WHAT IS REQUIRED =
Return the entries in their entirety, precisely as given.

[DATA RECORDS Boundary: Start]

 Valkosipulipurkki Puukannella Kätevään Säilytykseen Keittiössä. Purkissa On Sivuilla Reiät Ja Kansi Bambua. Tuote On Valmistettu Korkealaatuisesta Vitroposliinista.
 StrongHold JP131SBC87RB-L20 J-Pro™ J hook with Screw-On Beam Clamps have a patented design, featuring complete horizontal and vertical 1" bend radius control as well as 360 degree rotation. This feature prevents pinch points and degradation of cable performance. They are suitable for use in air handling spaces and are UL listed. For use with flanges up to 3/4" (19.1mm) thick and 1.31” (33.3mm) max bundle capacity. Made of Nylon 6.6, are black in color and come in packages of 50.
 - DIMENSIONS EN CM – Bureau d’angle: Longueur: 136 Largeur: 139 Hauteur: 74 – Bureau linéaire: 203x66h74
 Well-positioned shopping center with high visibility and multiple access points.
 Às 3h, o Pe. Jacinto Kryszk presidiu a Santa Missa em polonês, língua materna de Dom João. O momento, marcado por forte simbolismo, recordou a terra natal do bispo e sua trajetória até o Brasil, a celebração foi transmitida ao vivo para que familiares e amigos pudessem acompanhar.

[DATA RECORDS Boundary: End]

EXERCISE RESPONSE =
 Valkosipulipurkki Puukannella Kätevään Säilytykseen Keittiössä. Purkissa On Sivuilla Reiät Ja Kansi Bambua. Tuote On Valmistettu Korkealaatuisesta Vitroposliinista.
 StrongHold JP131SBC87RB-L20 J-Pro™ J hook with Screw-On Beam Clamps have a patented design, featuring complete horizontal and vertical 1" bend radius control as well as 360 degree rotation. This feature prevents pinch points and degradation of cable performance. They are suitable for use in air handling spaces and are UL listed. For use with flanges up to 3/4" (19.1mm) thick and 1.31” (33.3mm) max bundle capacity. Made of Nylon 6.6, are black in color and come in packages of 50.
 - DIMENSIONS EN CM – Bureau d’angle: Longueur: 136 Largeur: 139 Hauteur: 74 – Bureau linéaire: 203x66h74
 Well-positioned shopping center with high visibility and multiple access points.
 Às 3h, o Pe. Jacinto Kryszk presidiu a Santa Missa em polonês, língua materna de Dom João. O momento, marcado por forte simbolismo, recordou a terra natal do bispo e sua trajetória até o Brasil, a celebração foi transmitida ao vivo para que familiares e amigos pudessem acompanhar.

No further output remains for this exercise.